In 1847, a progressive sultan, Abdülmecid I(r. 1839-61), commissioned the Swiss architect Gaspare Fossati to restore the structure of Hagia Sophia, then Ayasofya Camii. When Fossati and his team began work on Hagia Sophia in 1847, after more than a century of neglect, they found the building in a dilapidated state with a leaking roof and “clouds of pigeons” despoiling the interior. They repaired cracks in the domes and vaults, and placed an iron chain around its base to contain its outward thrust. However they removed four flying buttresses that seemed to serve no purpose. They replaced the leaking lead covering of the roofs and carried out a complete cleaning inside and out. As the deteriorated plaster was chipped off walls and vaults, decorative Byzantine mosaics, shimmering with gold, were revealed. The sultan, astonished by their beauty, ordered Fossati and his team to uncover all the mosaics. When those in the galleries were uncovered and repaired, Fossati beseeched Abdülmecid to relax the rigid principles that demanded their obliteration. “They are beautiful,” Abdülmecid said. “Hide them because our religion forbids them. Hide them well, but do not destroy them: For who knows what might happen.”

Sultan Abdülmecid was intent on modernizing his kingdom and strengthening its ties with Western Europe at a moment when the great gulf between Turkey and Europe was beginning to narrow, a process that continues in our day.

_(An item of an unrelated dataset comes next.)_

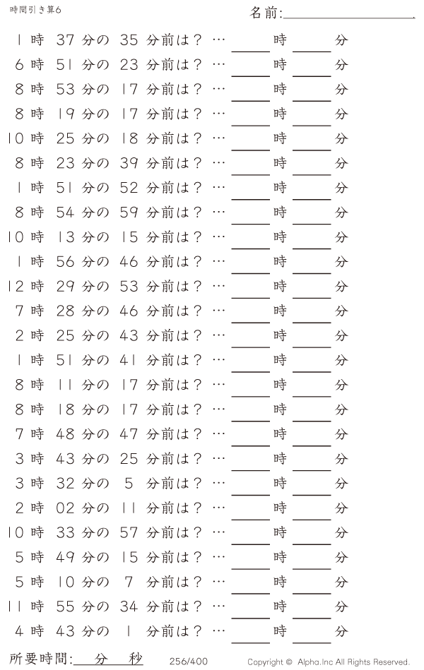 上記のボタンから「時間引き算6:1分単位」の算数数学ドリル・計算ドリル(PDFプリント)がダウンロードできます。個人利用は無料です(家庭以外での配布は有料です)。
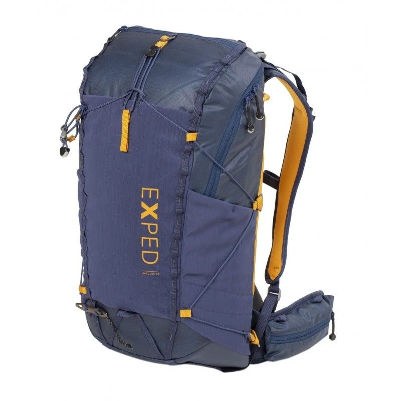 External daisy chains and EXPEDs exclusive Tool Blade combine to securely transport ice tools and other hardware. A removable compression cord with toggle adjustment compresses the load when necessary. Thermo-formed back panel and padded, contoured shoulder straps are comfortable and quick drying. Impulse 15 is sold with a lightweight waist strap; 20 and 30 liter versions with removeable, low-profile, padded hip belts, each with a small, zippered stretch pocket.

For him Hagia Sophia was part of a policy of progressive reform. Abdülmecid, whose reign had started with the proclamation of the Tanzimat, the most important milestone in the Westernisation of the Ottoman state and culture, encouraged uncovering the mosaics for repair and criticized his predecessors for having obscured these beautiful ornaments. He took advantage of the hajj (pilgrimage) to send the most fanatical imams of the (then) mosque to Mecca, before he undertook the restoration.